Mark_Harwood · June 5, 2019, 12:27pm

You could certainly use a single range search to match docs with a single range field.
However for the purposes of aggregations and filling in bars on a Kibana histogram you'd need those docs to have a different regular date field but with an array of values. The gap between each value would have to be whatever makes sense for your visualisation e.g. weeks or days.

makos63 · June 13, 2019, 12:23pm

The idea worked! Thank you!
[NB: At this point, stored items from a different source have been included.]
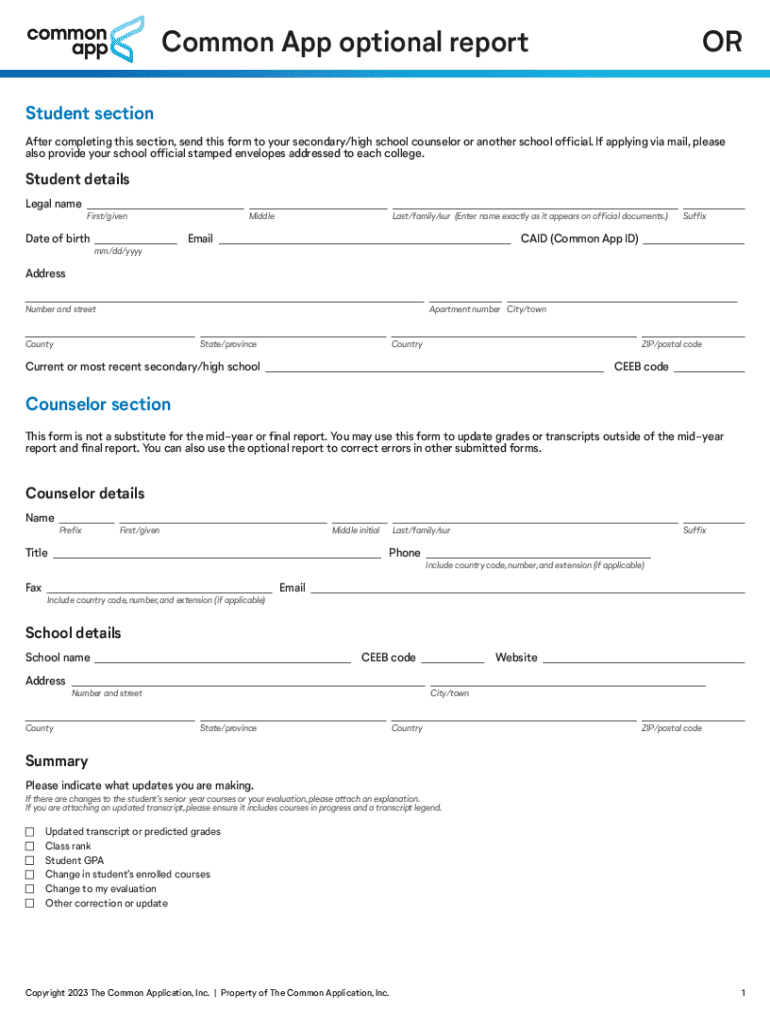 Common App Optional Report is not the form you're looking for?Search for another form here.
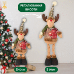 Олень є невід'ємною частиною новорічної символіки, адже саме він везе сані Діда Мороза з подарунками. У цьому наборі олень також має телескопічні ніжки, що дозволяє змінювати його висоту відповідно до ваших потреб. Олень на телескопічних ніжках виглядає елегантно та витончено, підкреслюючи святковий настрій вашого дому. Його натуральні кольори ідеально поєднуються з іншими новорічними прикрасами, такими як ялинкові іграшки та гірлянди. Ви можете розмістити його поряд із ялинкою або створити окрему композицію на каміні чи комоді, додавши інші новорічні фігурки для більшого ефекту.
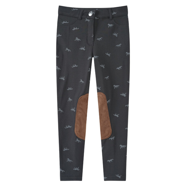 Auf zu den Pferden! Dunkelgraue Hose aus elastischem Viskose-Mix mit Pferde-Motiv allover bedruckt. Mit Knopf, Reißverschluss und fünf Gürtelschlaufen am verstellbaren Bund. Zwei imitierte Taschen vorne. An den Hosenbeinen mit braunen Aufnähern in Velours-Optik und Ziernähten hinten für den perfekten Reiter-Look.
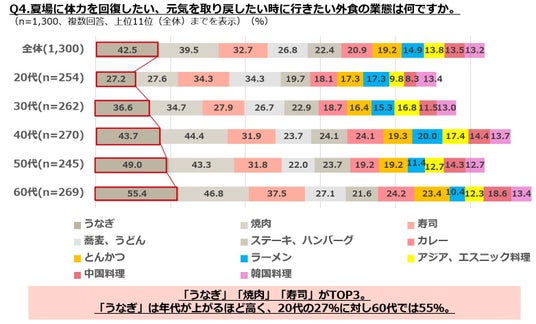 ・夏場の体力回復時に行きたい店は、「うなぎ」「焼肉」「寿司」がTOP3。「うなぎ」は年代が上がるほど高く、20代の27%に対し60代では55%。

It may need some more tweeking, however for now looks good enough.

Here, this is how i made it work:

PUT test2
{
"mappings": {
"transaciton": {
"properties": {
"timestamp" : { "type" : "date"},
"sessionID": { "type": "integer" },
"connectAt" : {"type" : "date"},
"disconnectAt" : {"type" : "date"},
"duration": { "type": "date" },
"message": { "type": "text",
"fielddata": true},
"active":{"type":"boolean"}

}
}

PUT test2/transaciton/1
{
"timestamp":"2019-06-12T12:00:01Z",
"sessionID": "1",
"connectAt":"2019-06-12T12:00:00Z",
"disconnectAt":"2019-06-12T12:01:30Z",
"durations":[
{"duration":"2019-06-12T12:00:00Z"},
{"duration":"2019-06-12T12:00:30Z"},
{"duration":"2019-06-12T12:01:00Z"},
{"duration":"2019-06-12T12:01:30Z"}
],
"message":"SUCCEED",
"active":false
}

PUT test2/transaciton/2
{
"timestamp":"2019-06-12T12:01:01Z",
"sessionID": "2",
"connectAt":"2019-06-12T12:01:00Z",
"disconnectAt":"2019-06-12T12:01:30Z",
"durations":[
{"stamp":"2019-06-12T12:01:00Z"},
{"stamp":"2019-06-12T12:01:30Z"}
],
"message":"SUCCEED",
"active":false
}
PUT test2/transaciton/3
{
"timestamp":"2019-06-12T11:59:01Z",
"sessionID": "3",
"connectAt":"2019-06-12T11:59:00Z",
"disconnectAt":"2019-06-12T12:01:00Z",
"durations":[
{"stamp":"2019-06-12T11:59:00Z"},
{"stamp":"2019-06-12T11:59:30Z"},
{"stamp":"2019-06-12T12:01:00Z"}
],
"message":"SUCCEED",
"active":false
}
PUT test2/transaciton/4
{
"timestamp":"2019-06-12T12:00:31Z",
"sessionID": "4",
"connectAt":"2019-06-12T12:00:30Z",
"disconnectAt":"2019-06-12T12:02:00Z",
"durations":[
{"stamp":"2019-06-12T12:00:00Z"},
{"stamp":"2019-06-12T12:00:30Z"},
{"stamp":"2019-06-12T12:01:00Z"},
{"stamp":"2019-06-12T12:01:30Z"},
{"stamp":"2019-06-12T12:02:00Z"}
],
"message":"SUCCEED",
"active":false
}
PUT test2/transaciton/5
{
"timestamp":"2019-06-12T12:01:21Z",
"sessionID": "5",
"connectAt":"2019-06-12T12:01:20Z",
"disconnectAt":"2019-06-12T12:03:20Z",
"durations":[
{"stamp":"2019-06-12T12:01:20Z"},
{"stamp":"2019-06-12T12:01:50Z"},
{"stamp":"2019-06-12T12:02:20Z"},
{"stamp":"2019-06-12T12:02:50Z"},
{"stamp":"2019-06-12T12:03:20Z"}
],
"message":"SUCCEED",
"active":false
}
PUT test2/transaciton/6
{
"sessionID": "6",
"connectAt":"2019-06-12T12:05:20Z",
"disconnectAt":"2019-06-12T12:07:20Z",
"durations":[
{"stamp":"2019-06-12T12:05:20Z"},
{"stamp":"2019-06-12T12:05:50Z"},
{"stamp":"2019-06-12T12:06:20Z"},
{"stamp":"2019-06-12T12:06:50Z"},
{"stamp":"2019-06-12T12:07:20Z"}
],
"message":"SUCCEED",
"active":false
}

PUT test2/transaciton/7
{
"timestamp":"2019-06-12T12:15:21Z",
"sessionID": "7",
"connectAt":"2019-06-12T12:15:20Z",
"disconnectAt":"2019-06-12T12:17:20Z",
"durations":[
{"stamp":"2019-06-12T12:15:20Z"},
{"stamp":"2019-06-12T12:15:50Z"},
{"stamp":"2019-06-12T12:16:20Z"},
{"stamp":"2019-06-12T12:16:50Z"},
{"stamp":"2019-06-12T12:17:20Z"}
],
"message":"SUCCEED",
"active":false
}

Mark_Harwood · June 13, 2019, 12:34pm

Glad it worked for you

system · July 11, 2019, 12:34pm

This topic was automatically closed 28 days after the last reply. New replies are no longer allowed.